Thirsty Suitors is an upcoming adventure video game developed by Outerloop Games and published by Annapurna Interactive.


Development
The studio began their development process by selecting three ideas for games to present to others in the video games industry in a pitch deck; the idea which later became Thirsty Suitors received the most positive attention. Co-founder and creative director of Outerloop, Chandana Ekanayake, noted that most of the individuals to whom Outerloop pitched the game were middle-aged white men, which caused Ekanayake to change his pitching strategy. This change involved focusing on the dearth of South Asian narratives in games, and highlighting successful media with such stories, such as the film Bend it Like Beckham and the television show Never Have I Ever.
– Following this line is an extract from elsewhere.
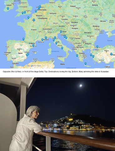 Opposite: Ron & Mary in front of the Haga Sofia, Top: Destinations during the trip. Bottom: Mary admiring the view in Kusadasi WINEDINEANDTRAVEL.COM 23

After deciding to move forward with the idea behind Thirsty Suitors exclusively, Outerloop eventually secured financing from Annapurna. Outerloop increased its headcount to fourteen to develop the game. The game was announced in December 2021. As of June 2022, the game has no release date. On July 28 2022, the game was announced to be scheduled for release on Microsoft Windows, Nintendo Switch, PlayStation 4, PlayStation 5, Xbox One, and Xbox Series X/S, with a demo releasing on Steam the same day.

Premise
A woman, Jala, returns to her childhood home in Washington and must confront her former significant others.

References

External links 

 Official website

Upcoming video games
Adventure games
Annapurna Interactive games
Video games featuring female protagonists
Video games set in Washington (state)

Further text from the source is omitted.